The Capability-Impact Gap
Writer and Computer Scientist Cal Newport pointed out something interesting in a recent episode of his podcast, Deep Questions:
On the one hand, AI's capabilities are evolving rapidly and frequently prove wrong the nay-sayers:
Oh, it can't do X
Two months later, it can indeed do X
On the other hand, AI's economic impact has been relatively muted so far.
Early on after ChatGPT was released, massive disruptions in every industry related to knowledge work were predicted. With very few exceptions (Chegg, a company that basically lets students cheat on their homework, saw a 99% decline in its stock price) that just hasn't happened.
Why is that? Cal explains that the current dominant paradigm of AI usage, posting questions into a chat box, does not lend itself to such massive disruption, and I agree.

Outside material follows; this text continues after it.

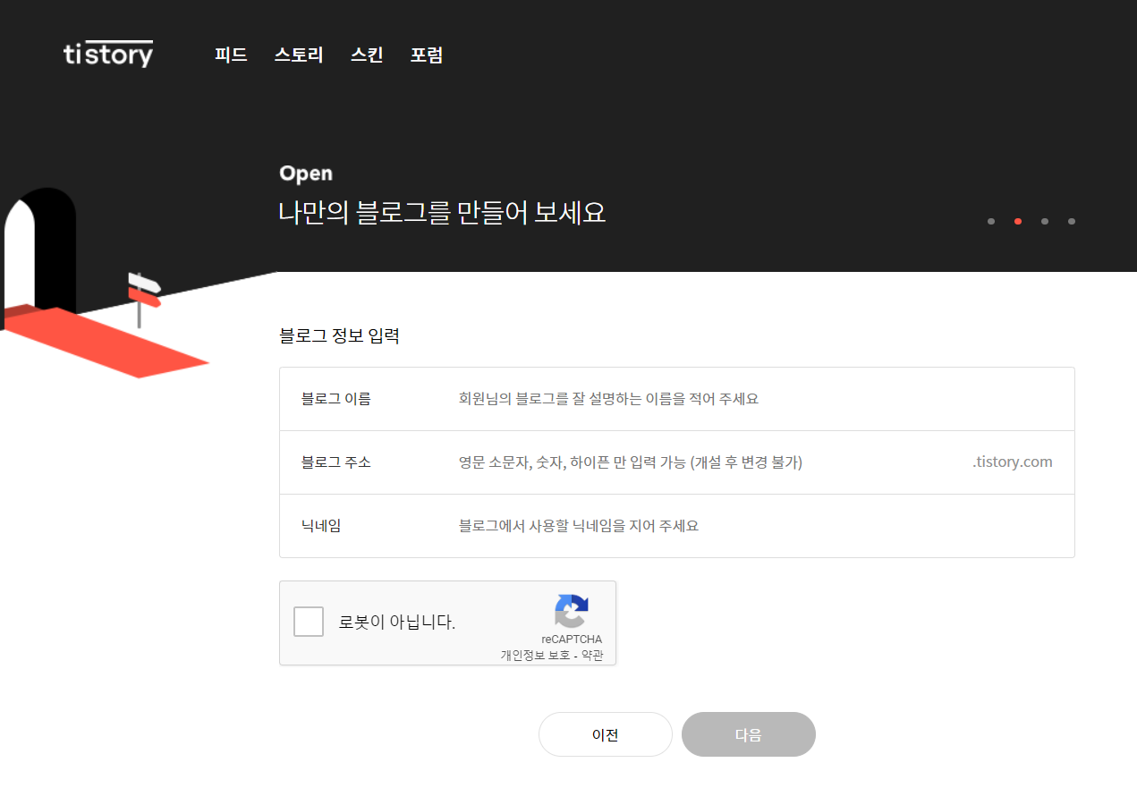 이전에는 티스토리 블로그를 생성하기 위해선

In essence, the capabilities of AI are probably good enough, and what needs to happen now is a painful and slow period of finding that elusive product-market fit for a true killer-app.

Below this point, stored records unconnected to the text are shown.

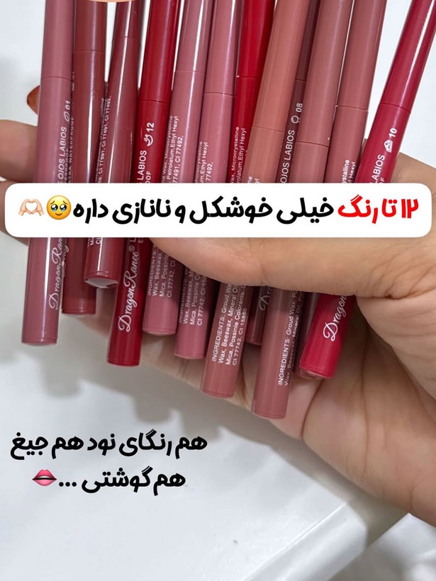 مداد لب پیچی دراگون با 12رنگ خاص 🫧🌸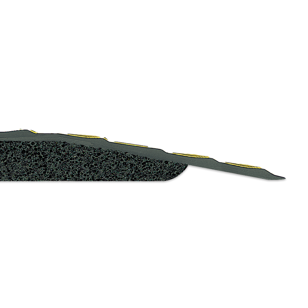 - der Belag besteht aus einem Hart-PVC Deckmaterial mit Rautenstruktur und einem Untermaterial aus geschäumtem PVC. Ober- und Untermaterial sind vulkanisiert und absolut fest miteinander verbunden.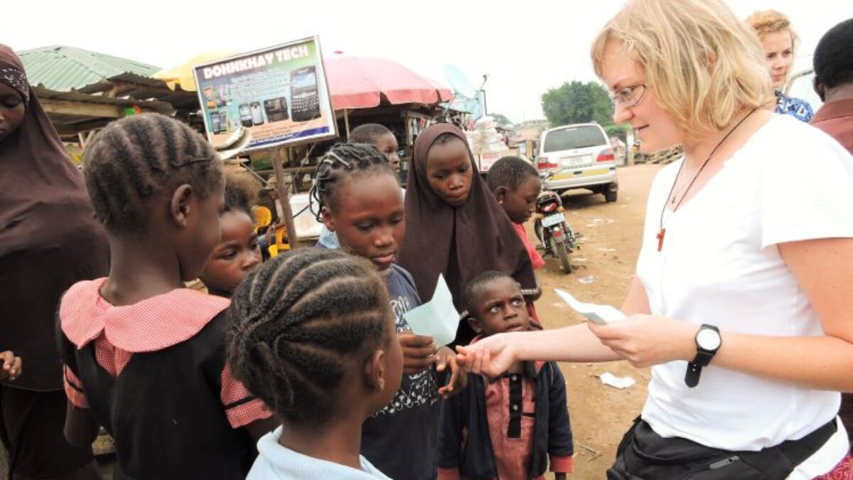 Wreszcie wszyscy wysiadamy. Kierujemy się do dzieci, które z zainteresowaniem patrzą na nas. Zachęcamy je do wzięcia udziału w naszych lekcjach języka angielskiego, matematyki i geografii i opowiadamy, co będzie się działo podczas obozu. A będzie się działo! Dorosłym podajemy kryteria zapisania pociech oraz dodatkowe szczegóły. Rodzice pytają o wszystko: czy będą dzieci dowożone, czy będzie posiłek, czy będą uczone metodą Montessori, czy będą modlitwy i czy muzułmańskie dzieci będą musiały modlić się z katolikami… Na wszystkie pytania staramy się udzielić fachowych odpowiedzi. Lokalni animatorzy pomagają nam, używając języka yoruba do rozwiania wszelkich wątpliwości. Czas płynie strasznie szybko. Witamy się po kolei ze wszystkimi i rozdajemy ulotki. Najmłodsze maleństwa reagują różnie na nas. Większość podchodzi z ufnością, jednak są i takie maluchy, które na widok białej karnacji płaczą, bo widzą białego człowieka pierwszy raz.
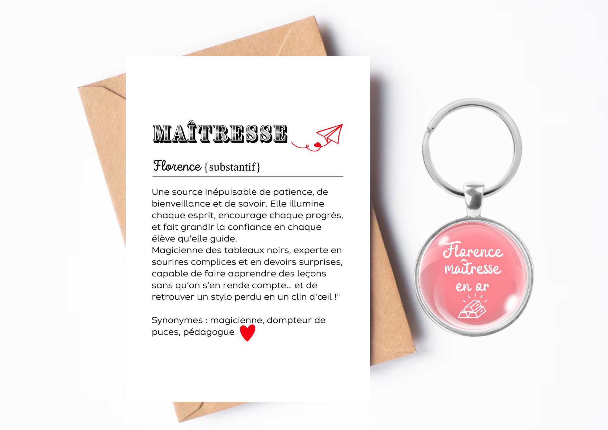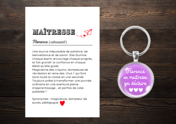 Ce porte-clés est le cadeau parfait pour exprimer toute la gratitude et l’affection envers une maîtresse qui a su marquer l’année par son dévouement et sa bienveillance.
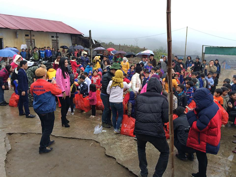 Hàng trăm xuất quà được trao tận tay những em học sinh nghèo, những hộ gia đình khó khăn và người có công. Mặc dù thời tiết xấu, mưa lạnh kéo dài nhưng đoàn tình nguyện vẫn cố gắng đi đến những điểm trường hẻo lánh nhất trong huyện, những thôn, bản mà vẫn chưa có ánh sáng đèn điện và đường xá chưa được tu sửa.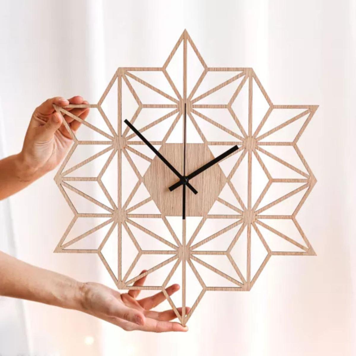 Horloge murale en bois design "Flocon de Neige" – Pureté naturelle et élégance artisanale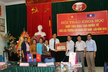 Trường TCEF tặng quà cho các đại biểu của Lào dự hội thảo.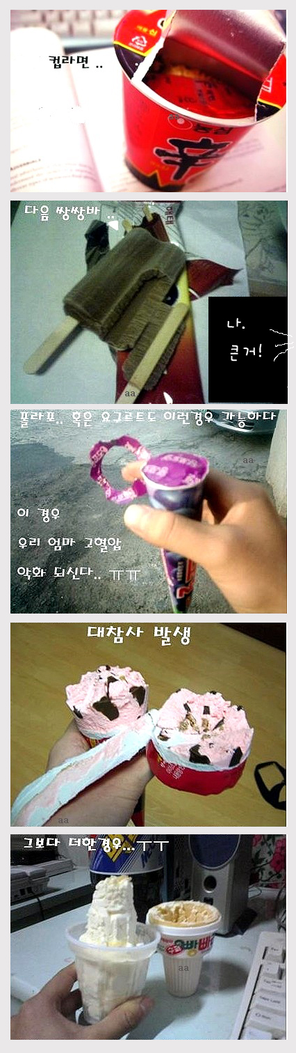 전 베스킨거시기에서 두개를 샀는데, 하나가 뚝 뿌러져서 내동이이... 근데 이쁜 아가씨가 다시하나 만들어주더라구요^^ 그때 어찌나 당황했던지...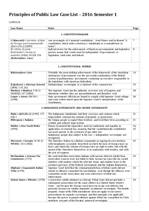 These notes cover every single reading in the most updated course outline of LAWS1141, including all the cases you need to know for the final exam. At the end of the notes it contains a legislation list as well as a case list which provides a quick summary of the ratio of each case and pinpoint reference so that you can read about it in more detail if necessary. The preview contains a sample page from the case list as well as the main body of notes. Used in the mid semester assignment and final exam to get a HD.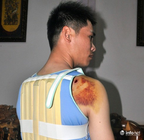 Anh Mậu bị đánh trọng thương và phải nẹp toàn thân |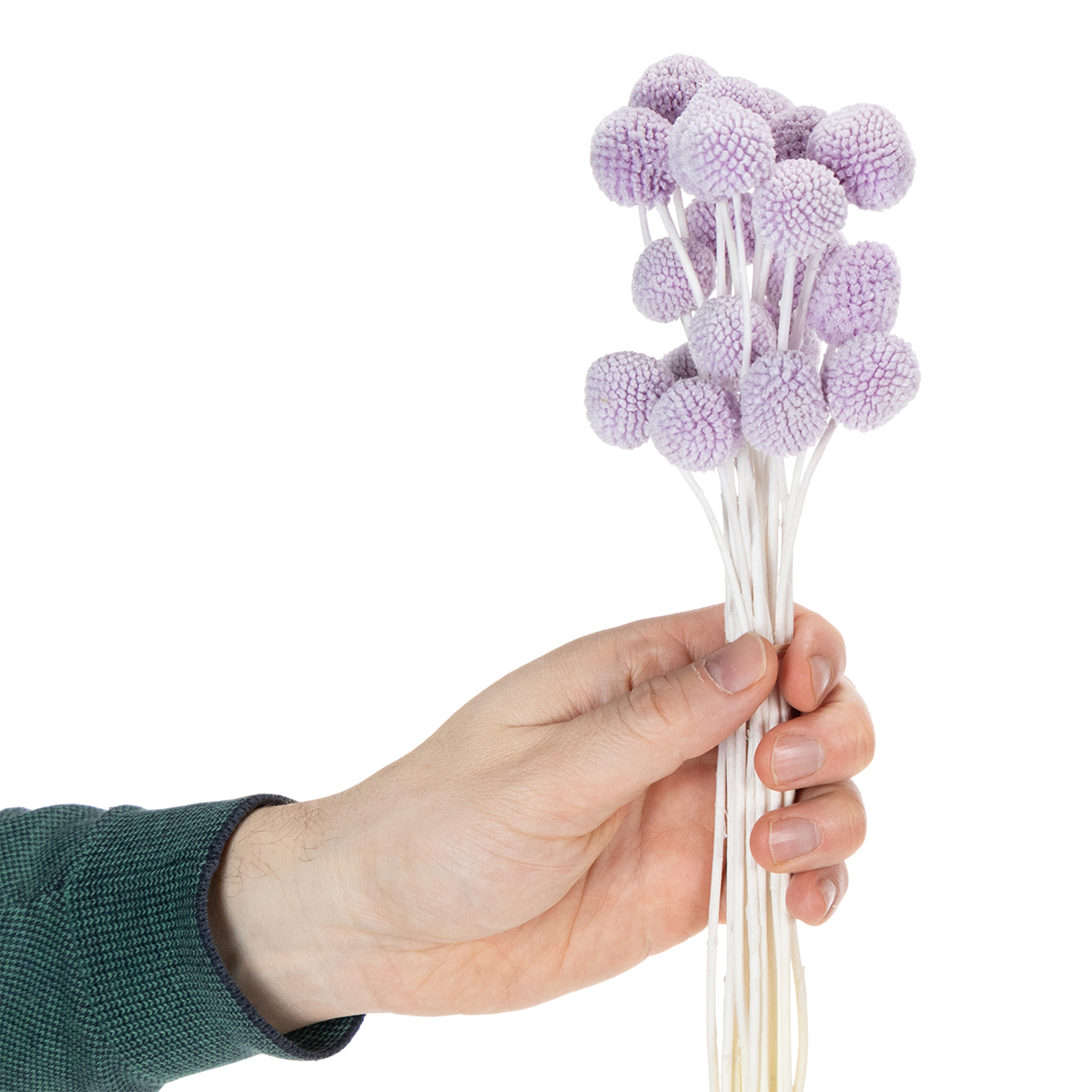 Med sine særegne, runde hoder og naturfargede stilker gir tørkede Craspedia-blomster en moderne, men tidløs sjarm til omgivelsene dine. Den subtile lyslilla fargen komplementerer både minimalistiske og livlige fargevalg. Enten du vil forbedre stuebordet, kontoret eller ditt neste arrangement, gjør den langvarige skjønnheten til disse dekorative blomstene dem til et allsidig høydepunkt. Kombiner dem med andre tørkede prydblomster eller vis dem frem alene. De er spesielt godt egnet for gjør-det-selv-dekorasjonsprosjekter, kreative vasearrangementer eller for å legge til elegante, stilige detaljer i ethvert hjørne.

One compelling near-term use case is to use AI to augment a user's capabilities. Cal uses the example of Microsoft Excel. Most casual users are not aware of its more powerful features. Lookups, pivot tables, scripting. By conversing with a built-in AI, users can unlock these features more readily than by reading tomes of documentation (especially when they wouldn't even know what to look for or how to translate a feature's plain specs into how it makes their work more manageable).
More generally speaking, thinking beyond the chat box paradigm and focusing on empowerment will be the way to go!